Шрифт:
Интервал:
Закладка:
Без четверти восемь! Пожалуй, стоит поторопиться. Джереми набрал в легкие побольше воздуха и пустился бегом. Он вообще-то давно уже взял себе за правило передвигаться исключительно только бегом. Сотни прочитанных книг и статей убедили его в том, что для будущего героя умение бегать — наиполезнейшее качество. Конечно, в идеале ему стоило бы потренироваться бегать с пулей 22-го калибра, засевшей в плече, — ну, или что-то в этом роде, — однако Дед вряд ли оценит по достоинству такие подвиги. Поэтому иногда Джереми, чтобы хоть как-то компенсировать столь низкий уровень своих тренировок, пытался на бегу хромать.
Вскарабкавшись на кладбищенскую стену со стороны дома Лори, он спрыгнул вниз, приземлился на траву и быстро пустился бежать меж могил — зигзагами, чтобы сторож его не засек: кладбище закрывалось в половине восьмого. Наносить визит старине Полу Мартину теперь уже не было времени.

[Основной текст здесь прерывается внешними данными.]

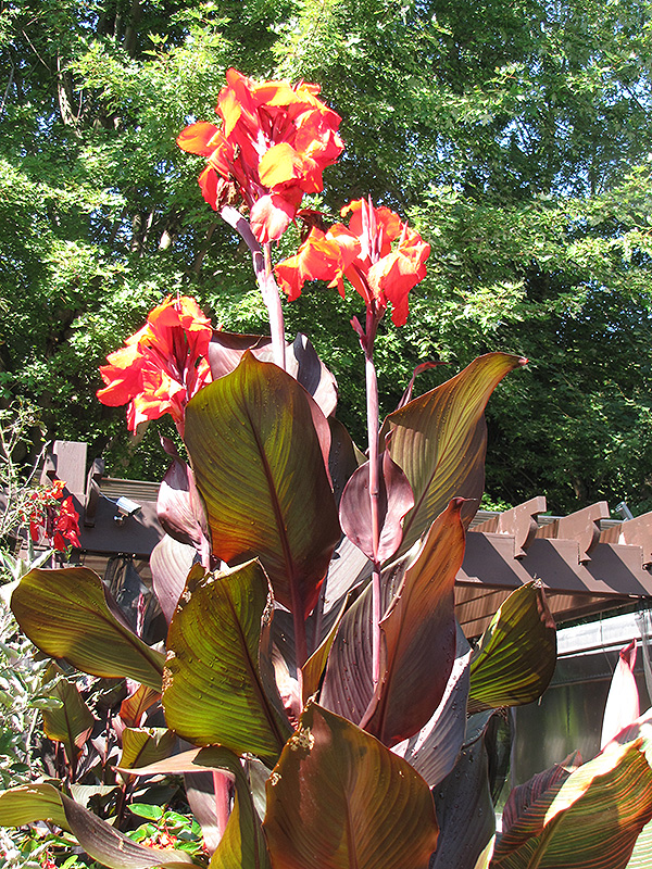 This very tall variety with huge, colorful leaves is crowned with brilliant coral-red blooms in summer and fall; perfect for the back of borders or as an accent; perennial only where roots don't freeze

Джем вскарабкался на гранитную плиту, вершина которой была украшена двумя каменными голубками, взобрался на голову одной из них, влез на верхушку резного креста — гордости семейства Пуэрта Теруэл — и благополучно приземлился уже по «свою» сторону кладбища.
Ровно в восемь порядком проголодавшийся Джереми уже распахнул решетчатую дверь веранды, явившись домой; был четверг, 29 июня.
На небе сияла полная луна. Ночь была спокойной и очень теплой.
Во тьме старинной часовенки едва заметно затрепетал один из опавших листков — так, словно он все еще жил своей жизнью на дереве. Похоже, его сдвинуло с места дуновение ветра, взметнувшее легкое облачко пыли. Внезапно листик поднялся, на мгновение — под воздействием все того же легкого ветерка — завертелся в воздухе, а затем тихо и нежно опустился на глаза позолоченного ангелочка — словно не желая, чтобы он стал свидетелем того, что произойдет дальше. А снаружи, в теплой молочно-нежной ночи, все словно застыло — ни ветерка. Лишь какой-то глухой шепот.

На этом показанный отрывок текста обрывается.